**EXERCISE DATA:**
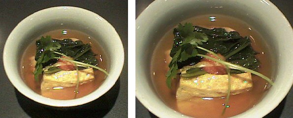 を切った豆腐を裏ごしにかけ、つなぎに山芋、卵白を入れ、さらに味を付けた銀杏、なまふ、京人参、海老、小口に切った卵焼きなどと流しカンに入れて蒸しあげます。お客様にお出しする時は小口に切ってすり下ろした山芋をかけ、濃く取った鰹だし汁に味を付け、あんかけにします。白が葱(ねぎ)と柚子を添えて出来上がり、アツアツが美味しい料理です。
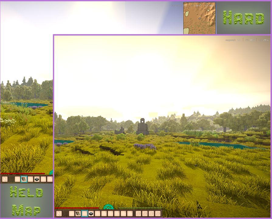 Этот мод по сути является улучшенной версией мода Held Map, но так как он сильно меняет и усложняет рецепт карты и добавляет еще один новый предмет, я решил выложить его как отдельный мод.
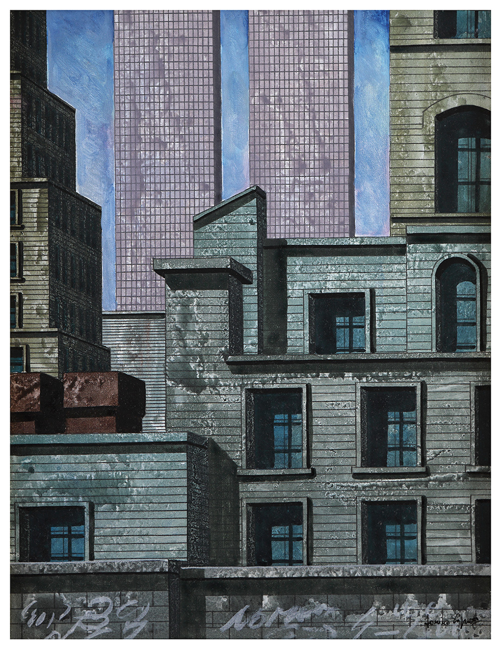 TONINO CAPUTO South Town, Tecnica mista su carta, 62 x 47 cm circa Firma in basso a destra: Tonino Caputo
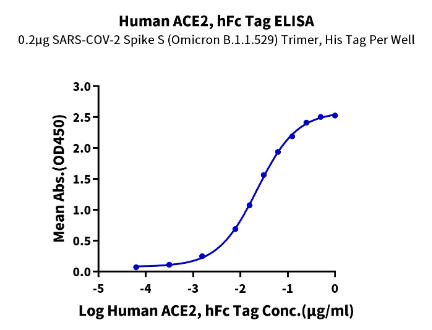 | Bio-activity : | Immobilized SARS-COV-2 Spike S (Omicron B.1.1.529) Trimer, His Tag at 2μg/ml (100μl/well) on the plate. Dose response curve for Human ACE2, hFc Tag with the EC50 of 22.9ng/ml determined by ELISA. |
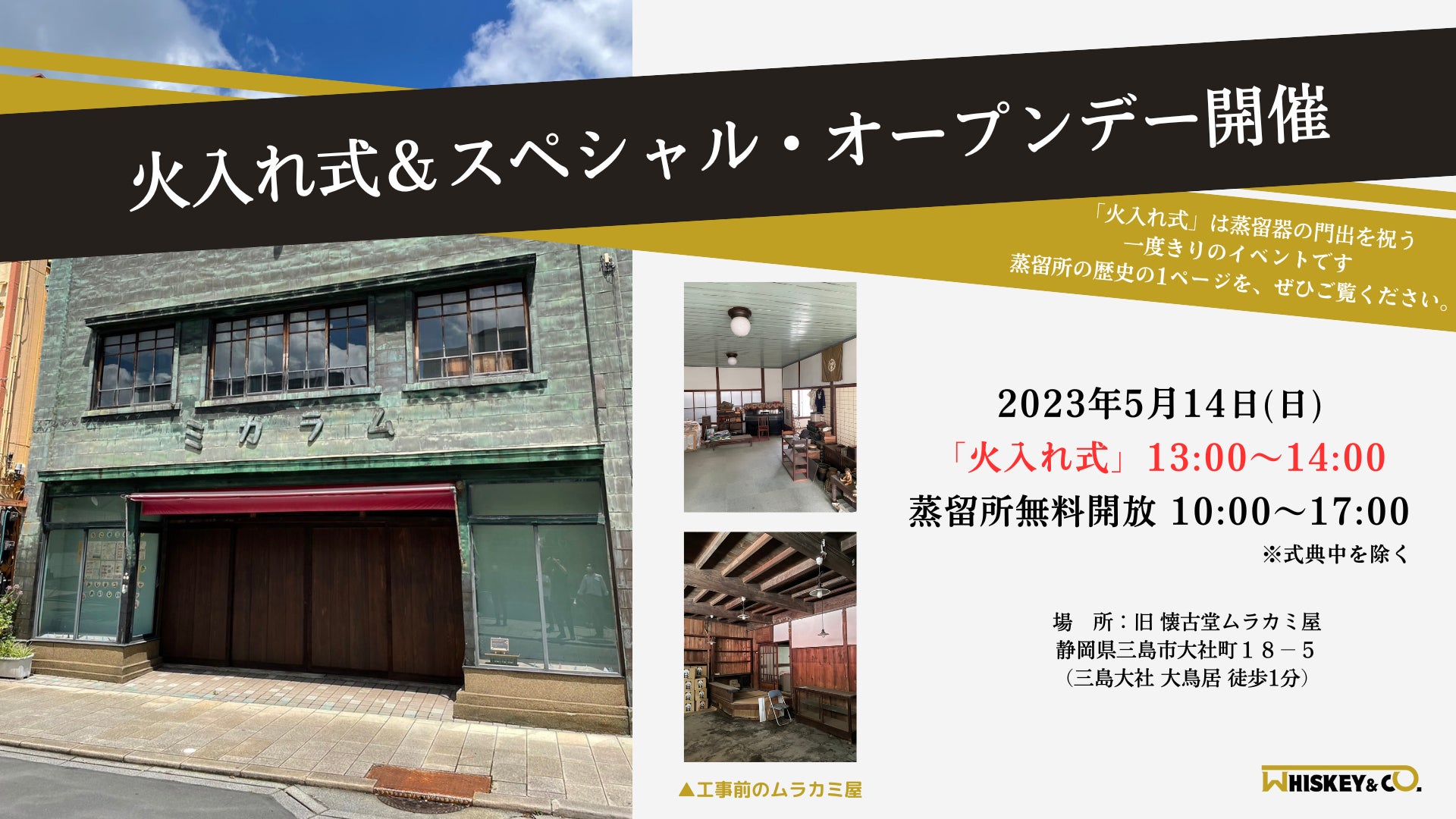 三島市限定のウイスキーづくりに取り組むWhiskey&Co.は、5月14日(日)、当社初の蒸留所の火入れ式を開催。今回特別に蒸留所を無料開放し、どなたでもご見学頂けます。

**TASK REQUIREMENTS:** Only one stretch of the listing is wanted: the lines starting at the one with "Этот мод по" and ending at the one with "TONINO CAPUTO South", copied exactly and free of pictures.

**SOLUTION FOR THIS TASK:**
 Этот мод по сути является улучшенной версией мода Held Map, но так как он сильно меняет и усложняет рецепт карты и добавляет еще один новый предмет, я решил выложить его как отдельный мод.
 TONINO CAPUTO South Town, Tecnica mista su carta, 62 x 47 cm circa Firma in basso a destra: Tonino Caputo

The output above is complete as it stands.